- Genre: Game show
- Presented by: Roman Kemp
- Starring: Sarah Greene
- Theme music composer: Medina Sound
- Country of origin: United Kingdom
- Original language: English
- No. of series: 4 (Regular) 1 (Festive)
- No. of episodes: 110 (Regular) 5 (Festive)

Production
- Production locations: Belfast, Northern Ireland
- Running time: 45 minutes
- Production companies: Potato (S1-3, Festive 1) Bright Entertainment (S4-present, Festive 2-present) Nice One Productions

Original release
- Network: BBC One
- Release: 21 August 2023 – present

= The Finish Line (game show) =

UK TV quiz show

The Finish Line is a British game show that first aired on 21 August 2023, starring Roman Kemp as host and Sarah Greene as co-host. Five contestants compete in four rounds, each eliminating a contestant, with the one remaining contestant playing one final round in an attempt to win £5,000. The show sees these contestants answering quick-fire questions on moving podiums that are mounted on parallel lanes of a track, attempting to cross the finish line to remain in the game.

==Format==
===Rounds 1 to 3 (Pictures/Missing Letters/Pairs)===
The contestants individually play a qualifying game to determine their lane assignments, attempting to give five correct answers in as short a time as possible. There is no penalty for a pass or miss, and the clock stops on the fifth correct answer or after 45 seconds have elapsed, whichever occurs first. The contestant with the shortest time is assigned to Lane 1, the second-shortest to Lane 2, and so on. Too many wrong answers will mean Game Over in each qualifier and Too many passes sometimes mean time will be up.
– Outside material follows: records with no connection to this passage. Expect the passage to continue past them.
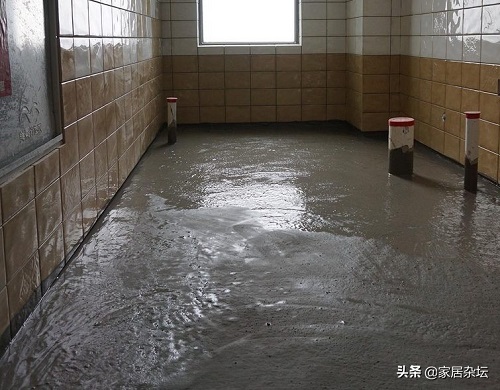 ②、卫生间的第一层防水施工完成以后,当防水涂料完全凝固,这时需要做第一次闭水试验。做法就是向卫生间的地面灌满水,然后蓄水72个小时来观察有没有渗漏。如果有渗漏,把水清干净,重新做防水,直到闭水试验合格。闭水实验合格以后才是我们室内的后浇层的混凝土的施工。也就说。这时在室内再打一层混凝土,这层混凝土的厚度,一般是六公分左右。这层混凝土就是后期我们毛坯房交房时所见到的地面。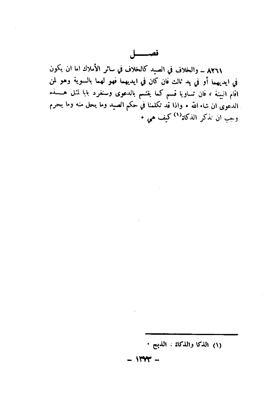 8261 - والخلاف في الصيد كالخلاف في سائر الأملاك إما أن يكون في أيديهما أو في يد ثالث فإن كان في أيديهما فهو لهما بالسوية وهو لمن أقام البينة، فإن تساويا قسم كما يقتسم بالدعوى وسنفرد بابا لمثل هذه الدعوى إن شاء الله. وإذا قد تكلمنا في حكم الصيد وما يحل منه وما يحرم وجب أن نذكر الذكاة كيف هي.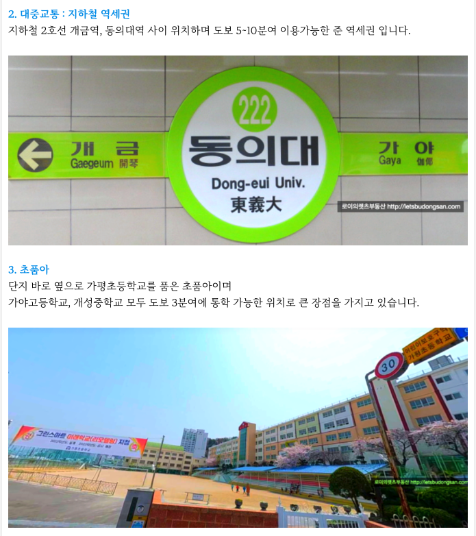 부산 중심도심 서면과 차량 5분여 거리에 인접해 있으며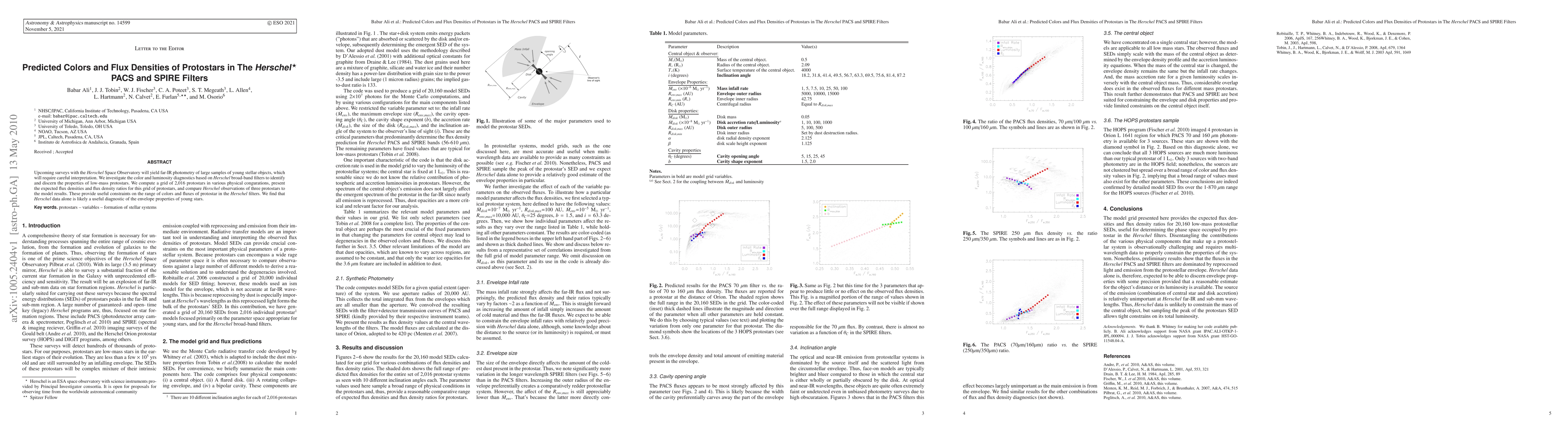 Upcoming surveys with the Herschel Space Observatory will yield far-IR photometry of large samples of young stellar objects, which will require careful interpretation. We investigate the color and luminosity diagnostics based on Herschel broad-band filters to identify and discern the properties of low-mass protostars. We compute a grid of 2,016 protostars in various physical congurations, present the expected flux densities and flux density ratios for this grid of protostars, and compare Herschel observations of three protostars to the model results. These provide useful constraints on the range of colors and fluxes of protostar in the Herschel filters. We find that Herschel data alone is likely a useful diagnostic of the envelope properties of young stars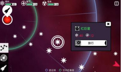 首先是星图上大小的两个圈,蓝圈代表着你可以到达的星系;红圈代表着飞船可以侦测到的星系。舍近求远,还是一步一个脚印就看你自己的选择啦。但是请大家看界面顶部的三个数值,分别为燃料储备,氧气储备,装甲防护。这三者将是制约你顺利返航最大的因素。所以你就多了一个探索各个星球资源的重大任务!

Each qualifier has a different format, as follows:

- Round 1 (Pictures): Given a category and a picture of an item fitting it, identify the picture.
- Round 2 (Missing Letters): Given a category and a string of blanks indicating the number of words/letters for an item fitting it, name the item. The first and last letters are already filled in. Example: "British Dish" and "T - - - / - - / - - - / - - - E" would be "TOAD IN THE HOLE."
- Round 3 (Pairs): Given a category and three pairs of answers, select the one pair whose answers both fit the category.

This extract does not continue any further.